We study different notions of blow-up of a scheme $X$ along a subscheme $Y$, depending on the datum of an embedding of $X$ into an ambient scheme. The two extremes in this theory are the ordinary blow-up, corresponding to the identity, and the 'quasi-symmetric
blow-up', corresponding to the embedding of $X$ into a nonsingular variety. We prove that this latter blow-up is intrinsic of $Y$ and $X$, and is universal with respect to the requirement of being embedded as a subscheme of the ordinary blow-up of some ambient space along~$Y$.
¶ We consider these notions in the context of the theory of characteristic classes of singular varieties. We prove that if $X$ is a hypersurface in a nonsingular variety and $Y$ is its 'singularity subscheme', these two extremes embody respectively the conormal and characteristic cycles of $X$. Consequently, the first carries the essential information computing Chern-Mather classes, and the second is likewise a carrier for Chern-Schwartz-MacPherson classes.
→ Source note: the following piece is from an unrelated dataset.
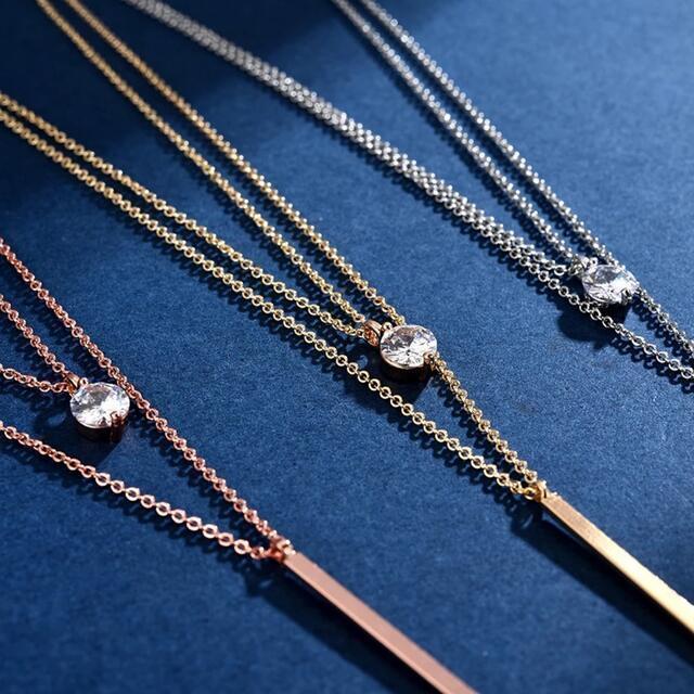 ストレート+大粒ジルコニアの綺麗ネックレスです♪

In our approach, these classes are obtained from Segre class-like invariants, in precisely the same way as other intrinsic characteristic classes such as those proposed by Fulton, and by Fulton and Johnson.
¶ We also identify a condition on the singularities of a hypersurface under
which the quasi-symmetric blow-up is simply the linear fiber space
associated with a coherent sheaf.